Dataset extract —

——————————

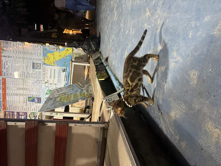 The image depicts a nighttime scene at a speed boat service area in Ban Ko Li Pe, Thailand. In the foreground, a small, short-haired domestic cat with a brown and black spotted (rosetted) coat, indicative of a Bengal, is walking from left to right across a textured blue surface, likely a boat deck or pier. The cat is wearing a white necklace composed of shells or beads around its neck. Its head is slightly turned towards the left, and its front left paw is raised mid-stride. To the left, a portion of a wooden structure with horizontal red slats and white vertical supports is visible. In the mid-ground and background, a large white signboard displays "SPEED BOAT SERVICE" information, including routes, departure/arrival times, and prices for destinations such as Koh Lipe, Had Yai City, Koh Lanta, Krabi, and Phuket. Below this timetable, maps, including one labeled "LANGKAWI FERRY," are visible. A white wooden bench is situated beneath the main signboard. A black plastic trash bag rests on the ground near the base of the signboard. Several blurred human figures are visible walking in the background on the right, wearing casual attire. The scene is illuminated by artificial light sources, casting shadows and highlighting the immediate environment.
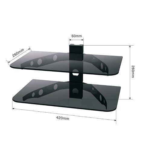 - Feature : PROFESSIONAL 2 tier Glass Component Rack / Glass Shelves Measure 12 deep x 16 inches wide and hold up to 22lb / Distance between top and bottom rack is 12 inches / Solid Steel structure with black glass / Hardware and build in level are included
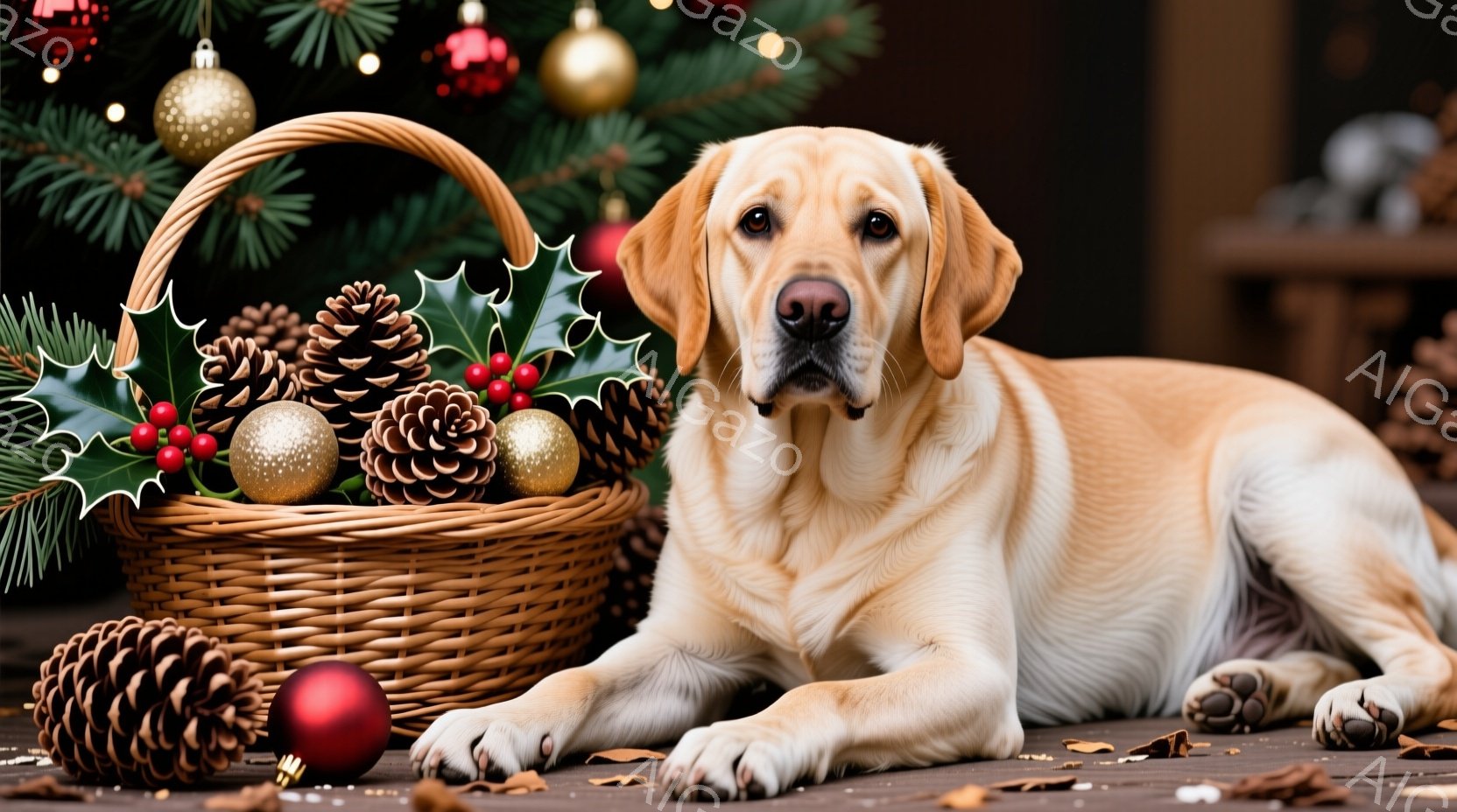 明るい毛並みのラブラドール・レトリバーが、クリスマスの飾り付けられた背景の前で横たわっています。 籠には松ぼっくりや赤いオーナメントが飾られ、地面には落ち葉が散らばっています。 全体的に温かく、穏やかなクリスマスの雰囲気が漂っています。

——————————

Exercise requirements — Repeat the listing above word for word. Do not include the pictures.

Solution to this problem —
 The image depicts a nighttime scene at a speed boat service area in Ban Ko Li Pe, Thailand. In the foreground, a small, short-haired domestic cat with a brown and black spotted (rosetted) coat, indicative of a Bengal, is walking from left to right across a textured blue surface, likely a boat deck or pier. The cat is wearing a white necklace composed of shells or beads around its neck. Its head is slightly turned towards the left, and its front left paw is raised mid-stride. To the left, a portion of a wooden structure with horizontal red slats and white vertical supports is visible. In the mid-ground and background, a large white signboard displays "SPEED BOAT SERVICE" information, including routes, departure/arrival times, and prices for destinations such as Koh Lipe, Had Yai City, Koh Lanta, Krabi, and Phuket. Below this timetable, maps, including one labeled "LANGKAWI FERRY," are visible. A white wooden bench is situated beneath the main signboard. A black plastic trash bag rests on the ground near the base of the signboard. Several blurred human figures are visible walking in the background on the right, wearing casual attire. The scene is illuminated by artificial light sources, casting shadows and highlighting the immediate environment.
 - Feature : PROFESSIONAL 2 tier Glass Component Rack / Glass Shelves Measure 12 deep x 16 inches wide and hold up to 22lb / Distance between top and bottom rack is 12 inches / Solid Steel structure with black glass / Hardware and build in level are included
 明るい毛並みのラブラドール・レトリバーが、クリスマスの飾り付けられた背景の前で横たわっています。 籠には松ぼっくりや赤いオーナメントが飾られ、地面には落ち葉が散らばっています。 全体的に温かく、穏やかなクリスマスの雰囲気が漂っています。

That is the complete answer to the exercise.